*ASSIGNMENT*. Beginning with the line that holds "Cumhuriyet Halk Partisi", output every remaining line of the material below exactly, and include none of the pictures.

*DATA EXTRACT*.
---

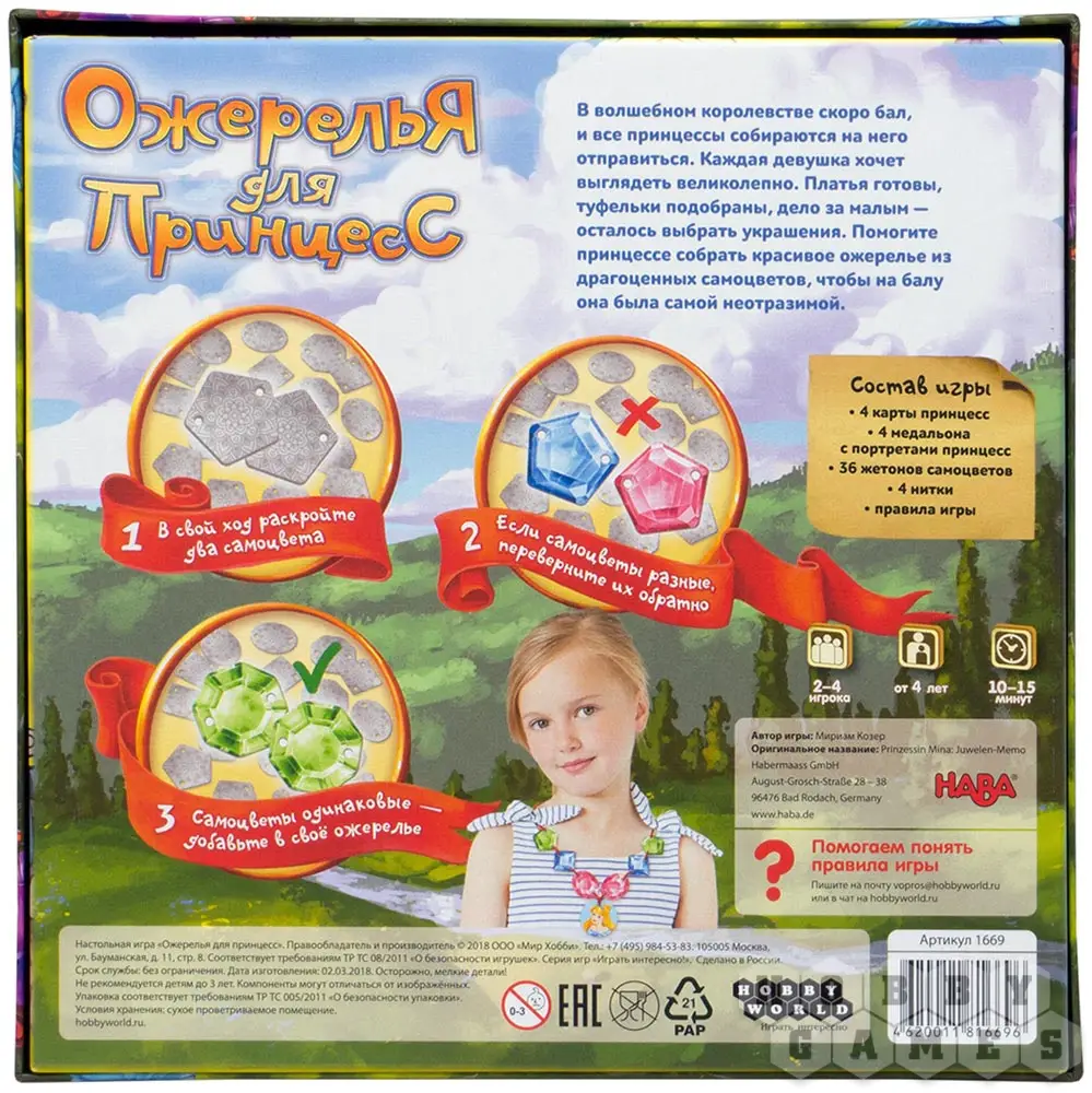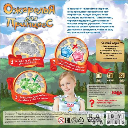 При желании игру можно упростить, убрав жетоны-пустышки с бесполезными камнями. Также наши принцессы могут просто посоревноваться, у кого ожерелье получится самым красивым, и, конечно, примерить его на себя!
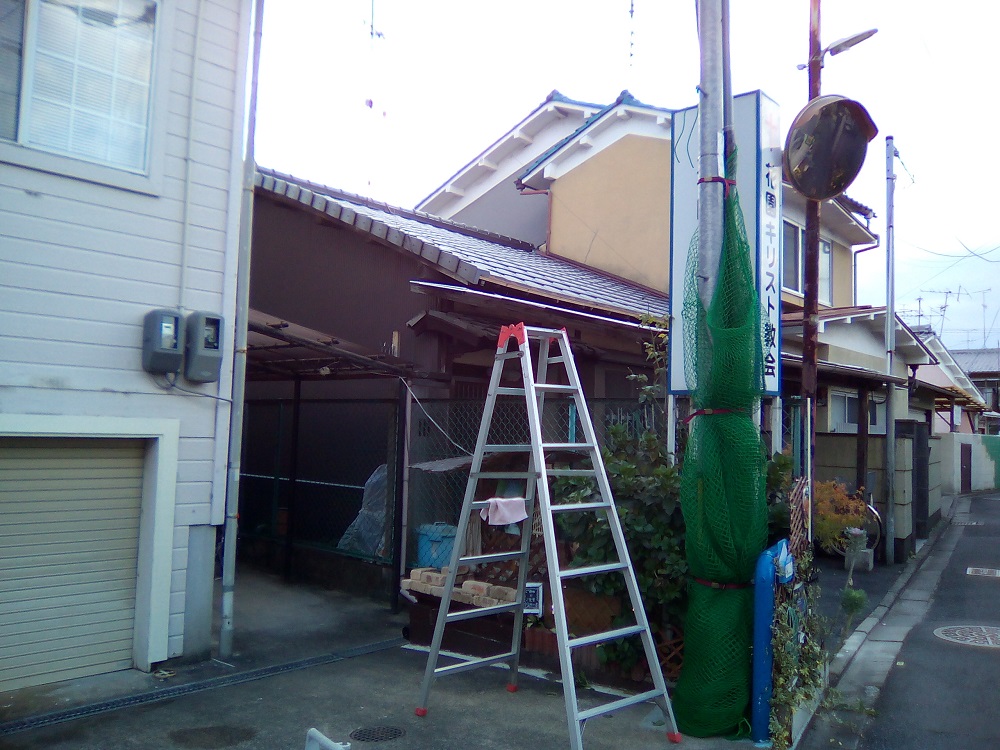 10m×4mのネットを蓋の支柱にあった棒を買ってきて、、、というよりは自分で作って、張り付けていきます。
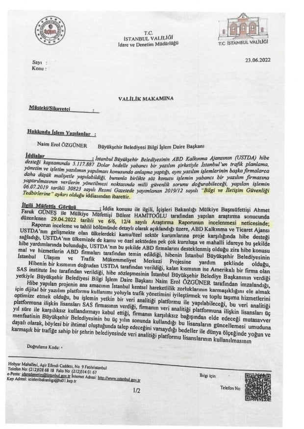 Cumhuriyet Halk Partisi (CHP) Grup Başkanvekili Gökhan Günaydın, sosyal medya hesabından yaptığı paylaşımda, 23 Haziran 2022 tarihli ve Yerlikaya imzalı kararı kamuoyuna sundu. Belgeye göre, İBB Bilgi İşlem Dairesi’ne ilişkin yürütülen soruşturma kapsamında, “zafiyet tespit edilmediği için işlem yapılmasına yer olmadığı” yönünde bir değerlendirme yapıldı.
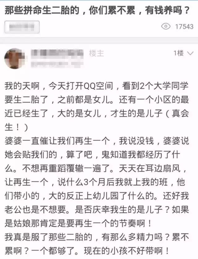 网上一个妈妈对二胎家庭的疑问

---

*YOUR RESPONSE*.
 Cumhuriyet Halk Partisi (CHP) Grup Başkanvekili Gökhan Günaydın, sosyal medya hesabından yaptığı paylaşımda, 23 Haziran 2022 tarihli ve Yerlikaya imzalı kararı kamuoyuna sundu. Belgeye göre, İBB Bilgi İşlem Dairesi’ne ilişkin yürütülen soruşturma kapsamında, “zafiyet tespit edilmediği için işlem yapılmasına yer olmadığı” yönünde bir değerlendirme yapıldı.
 网上一个妈妈对二胎家庭的疑问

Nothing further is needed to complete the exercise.